Re: Duplication Thought Experiment Involving Complementarity

From: Bruno Marchal <>
Date: Mon, 16 Sep 2002 11:11:01 +0200

At 10:06 -0700 10/09/2002, George Levy wrote:

>The impossibility of the Kirks to occupy the same position at the
>same time during the transport experiment reminds me of fermionic
>versus bosonic behavior.

Interesting. Shadows of a link fermion/boson and the 1-3 person

>I wonder if there is a connection between fermions/bosons and the MWI.

Sure there is. Nice project to work on. And then it would be funny
to look at anyons too, in the MWI.
Fermion/bosons comes from symmetrical versus antisymmetrical behavior
after permutations. The "simple" proof that all quantum object are bosons
or fermions does not work for two dimensional spaces (three dimensional
space-time). In two dimensions you can have intermediate between bosons
and fermions, with intermediate crazy statistics. You can build
a fault tolerant quantum computer by doing knots with anyon's paths (cf Kitaev,
Freedman, etc.).
In some sense anyons remember the way they are permutated or substituted.
(If we were made of anyons the comp subst. level would be very low and
entangled with the ambient topology).
The big change with anyons is the generalization from the group of
permutations S_n (so important for fermions and bosons) to the group
of braids B_n (*).

Perhaps you were right, a long time ago, about intermediate
between 1 and 3 person.

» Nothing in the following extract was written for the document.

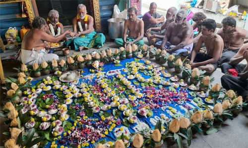 வடமதுரை; வடமதுரை மீனாட்சிசுந்தரேஸ்வரர் கோயில் வளாகத்தில் இருக்கும் ஐயப்பன் கோயிலில் பொன்ஆபரண தர்மசாஸ்தா அறக்கட்டளை சார்பில் 55ம் ஆண்டு மண்டல பூஜை விழா நடந்தது. இவ்விழாவிற்காக பால்கேணி மேட்டில் இருந்து 27 சைவ, வைணவ கோயில் புனித தீர்த்தங்கள் ரத வீதிகள் வழியே ஊர்வலமாக கோயிலுக்கு கொண்டு வரப்பட்டது. பின்னர் 108 சங்கு, தேங்காய், எலுமிச்சை, தீர்த்தம், 18 படி, கோ, யாக வேள்வி பூஜைகள், சிறப்பு பஜனை, அபிஷேகம் நடந்தது. பக்த ஆஞ்சநேயர் கோயில் அர்ச்சகர் நாராயணன் நடத்தி வைத்தார். விழா ஏற்பாட்டினை அறக்கட்டளை தலைவர் ராமதாஸ், செயலாளர் நந்தக்குமார், பொருளாளர் இளங்கோ உள்ளிட்ட ஐயப்ப சேவா சங்கத்தினர் செய்திருந்தனர்.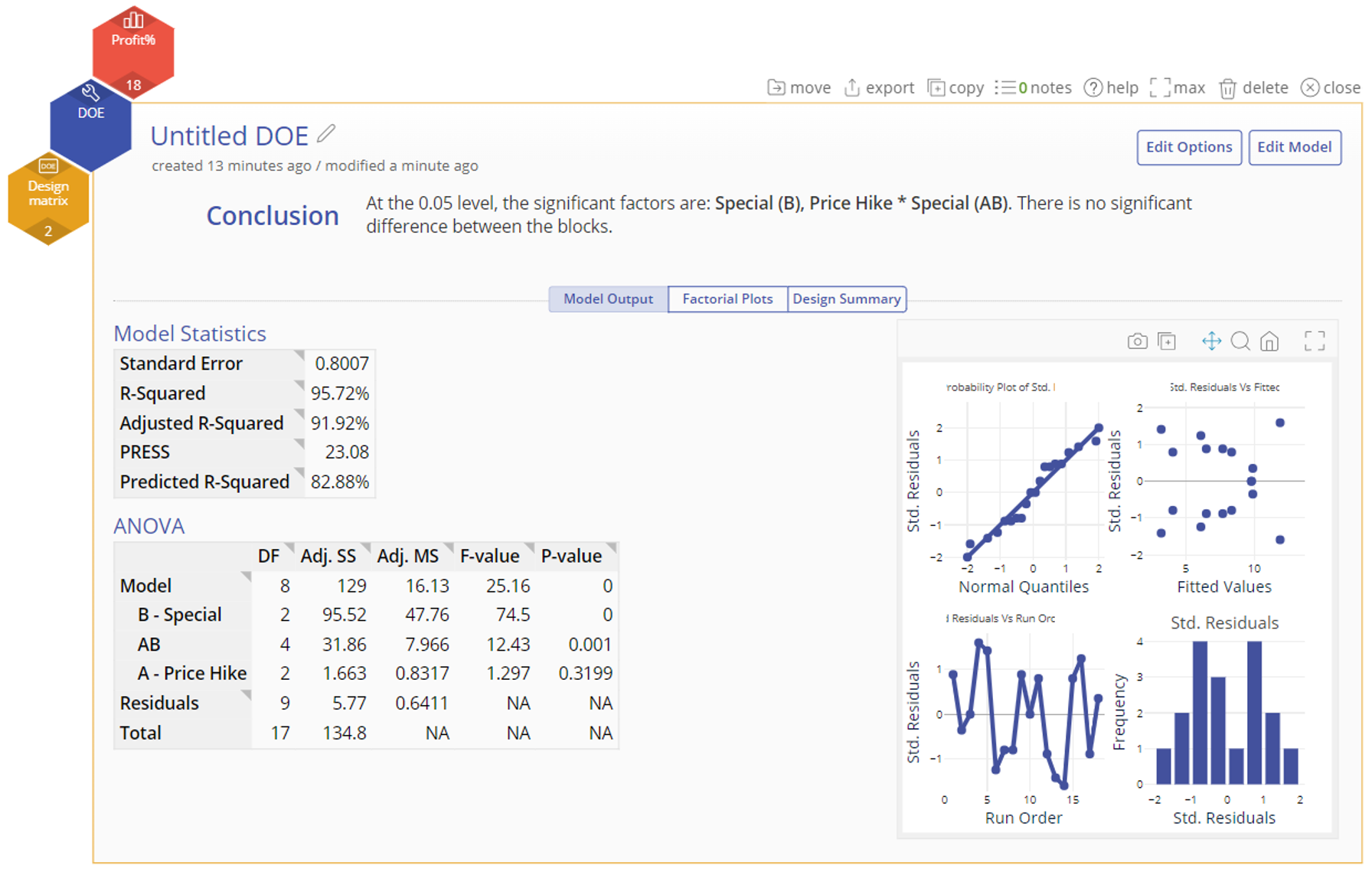 - Model Output Screen: This screen shows the reduced model along with the model statistics and test results indicating the significance of the effects. Note the Conclusion statement at the top indicating the significant effects.

This would follow from your analogy 1/3 boson.fermion,
+ the existence of anyons.
A nice intro to braids and anyons is the John Baes


(*) Discovered by Emil Artin in 1920. It is a formidable mathematical
object. Patrick Dehornoy discovered some special order on B_n by
speculating on the existence of very high cardinals in set theory.
Later the same property have been proved without those high cardinals.
The group of braids gives also birth to the braided monoidal (tensorial)
categories I keep mentioning to Tim (cf the Yetter-post).